- _What to produce_
Down to the last line, print the entries below exactly, and keep every picture out of the copy.

- _Task material_
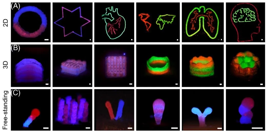 GelMA)在沉积后立即冻结,无需额外支撑即可形成自立式结构,同时避免多材料混合问题。该技术成功打印出金字塔、多层网格及字母“H”“V”等单材料或多材料复杂结构,并实现了C2C12肌成纤维细胞、NIH/3T3成纤维细胞等多种细胞的封装,细胞存活率在培养2-3周后达80%-90%,还构建了血管化乳腺癌模型验证多细胞共培养潜力。相关工作以“Droplet
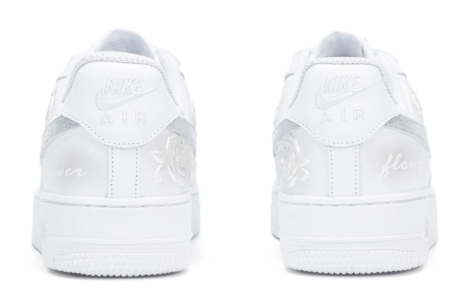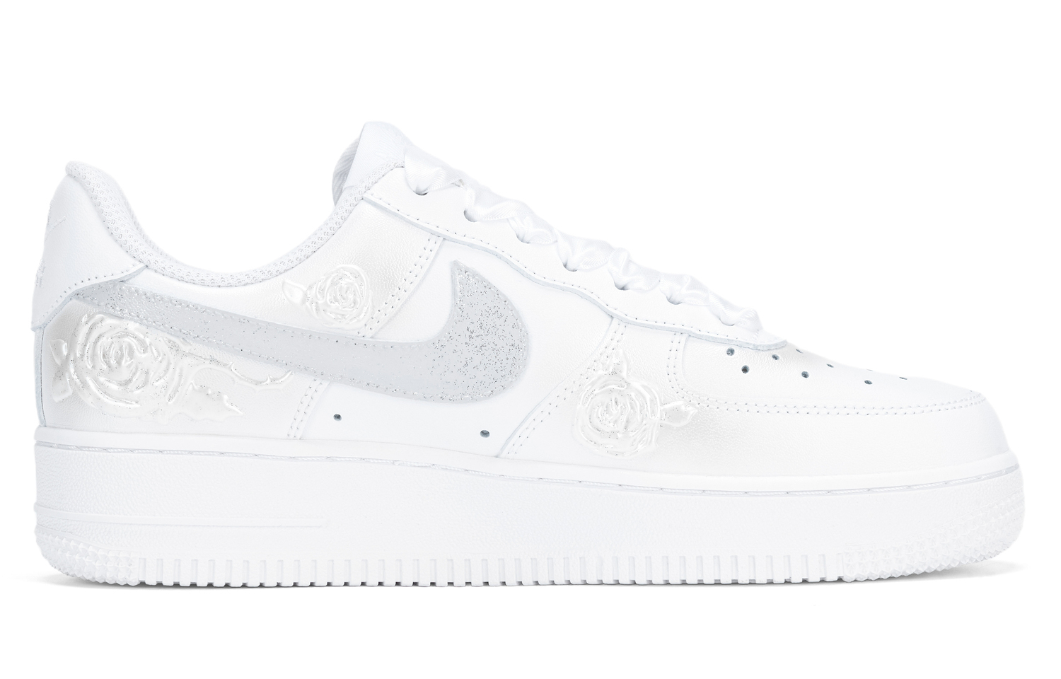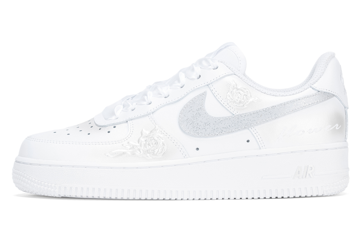 Эта кастомная пара оригинальных кроссовок выбрала артикул 315122-111. Вспомогательные артикулы: DH2920-111, FV5951-111, DD8959-100, CW2288-111. Основным дизайнерским языком стала объёмная роза, вырезанная на чисто белой поверхности обуви, создающая элегантную атмосферу. Роза на боковой части выполнена с использованием технологии объёмного нанесения, лепестки чётко слоистые, как рельефная скульптура, детали тычинок изысканны, под светом отражающие тонкую текстуру, что образует умелый баланс мягкости и твёрдости с чистой фактурой белой кожи. Серебристые блёстки на логотипе Swoosh, рассыпанные как звёздная пыль при лунном свете, привносят в整体 лёгкую роскошь; скрытый узор "flower" на боковой части перекликается с элементом розы, усиливая тематическое повествование. Дизайн旨在借立体玫瑰的浪漫符号,融合纯白基底的极简美学。
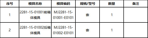 6. 項目概況:山推股份有限公司傳動公司鑄鐵車間,HST2228平地機變速箱前箱體和后箱體模具制作。項目包括零件圖號為2281-15-01001的前箱體整套模具制作和零件圖號為2281-15-01002的后箱體的整套模具制作。如下表所示:
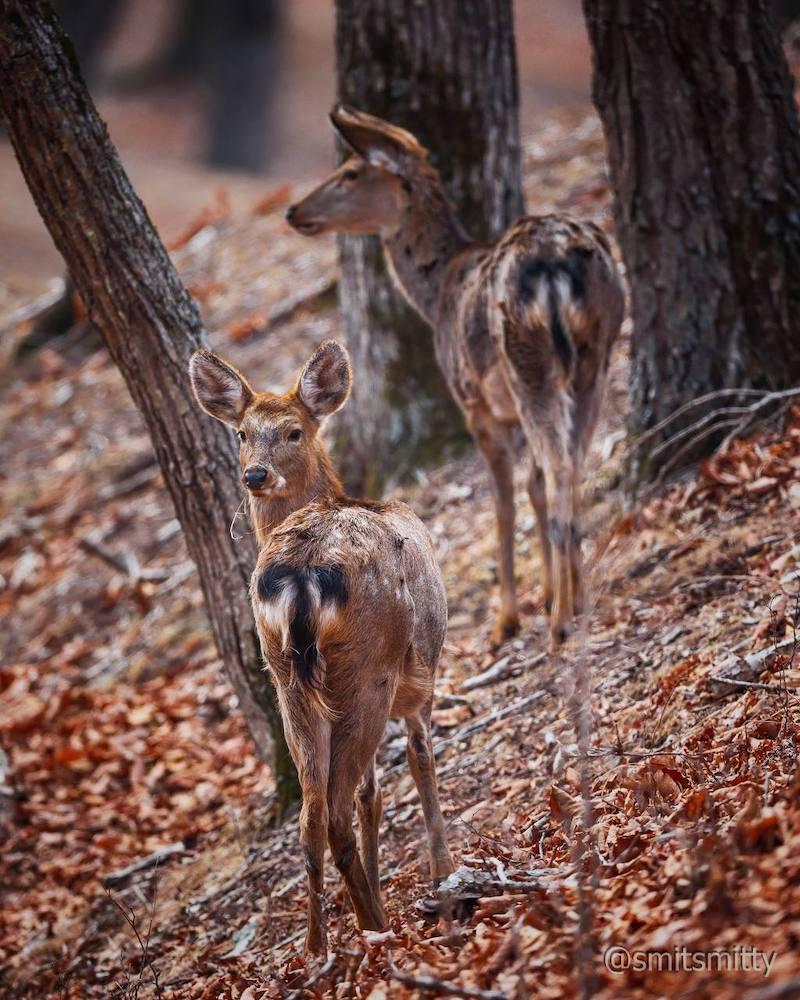 В середине марта на дороге Терней-Пластун, тянущейся через заповедник на протяжении 24-х километров, инспекторы заповедника наблюдали большое стадо пятнистых оленей. В этой части заповедника самая высокая плотность группировки этих животных. В данном случае оленей привлекла соль, которой посыпали дорогу после снегопадов. Видно было, как звери на обочине дороги наклонялись и слизывали соль с поверхности земли. Они не обращали внимания на людей, увлёкшись делом.
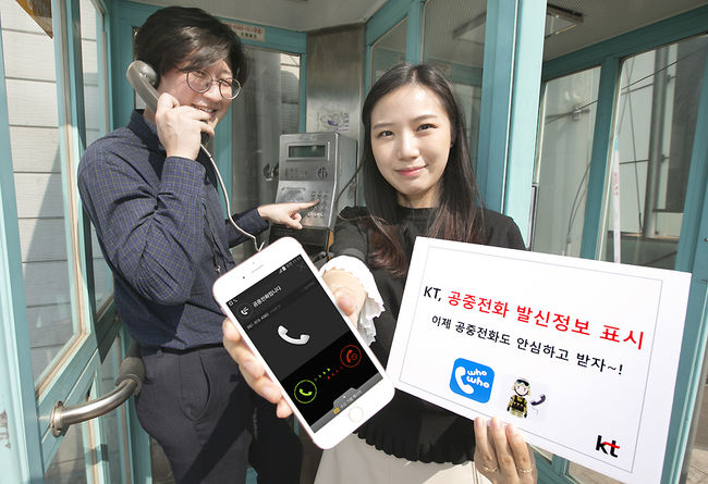 KT는 공중전화에서 발신된 통화를 수신한 단말에 공중전화의 위치별 발신정보를 표시해 주는 '공중전화 발신정보 표시 서비스'를 개시했다고 9일 밝혔다.

- _Solution to this problem_
 GelMA)在沉积后立即冻结,无需额外支撑即可形成自立式结构,同时避免多材料混合问题。该技术成功打印出金字塔、多层网格及字母“H”“V”等单材料或多材料复杂结构,并实现了C2C12肌成纤维细胞、NIH/3T3成纤维细胞等多种细胞的封装,细胞存活率在培养2-3周后达80%-90%,还构建了血管化乳腺癌模型验证多细胞共培养潜力。相关工作以“Droplet
 Эта кастомная пара оригинальных кроссовок выбрала артикул 315122-111. Вспомогательные артикулы: DH2920-111, FV5951-111, DD8959-100, CW2288-111. Основным дизайнерским языком стала объёмная роза, вырезанная на чисто белой поверхности обуви, создающая элегантную атмосферу. Роза на боковой части выполнена с использованием технологии объёмного нанесения, лепестки чётко слоистые, как рельефная скульптура, детали тычинок изысканны, под светом отражающие тонкую текстуру, что образует умелый баланс мягкости и твёрдости с чистой фактурой белой кожи. Серебристые блёстки на логотипе Swoosh, рассыпанные как звёздная пыль при лунном свете, привносят в整体 лёгкую роскошь; скрытый узор "flower" на боковой части перекликается с элементом розы, усиливая тематическое повествование. Дизайн旨在借立体玫瑰的浪漫符号,融合纯白基底的极简美学。
 6. 項目概況:山推股份有限公司傳動公司鑄鐵車間,HST2228平地機變速箱前箱體和后箱體模具制作。項目包括零件圖號為2281-15-01001的前箱體整套模具制作和零件圖號為2281-15-01002的后箱體的整套模具制作。如下表所示:
 В середине марта на дороге Терней-Пластун, тянущейся через заповедник на протяжении 24-х километров, инспекторы заповедника наблюдали большое стадо пятнистых оленей. В этой части заповедника самая высокая плотность группировки этих животных. В данном случае оленей привлекла соль, которой посыпали дорогу после снегопадов. Видно было, как звери на обочине дороги наклонялись и слизывали соль с поверхности земли. Они не обращали внимания на людей, увлёкшись делом.
 KT는 공중전화에서 발신된 통화를 수신한 단말에 공중전화의 위치별 발신정보를 표시해 주는 '공중전화 발신정보 표시 서비스'를 개시했다고 9일 밝혔다.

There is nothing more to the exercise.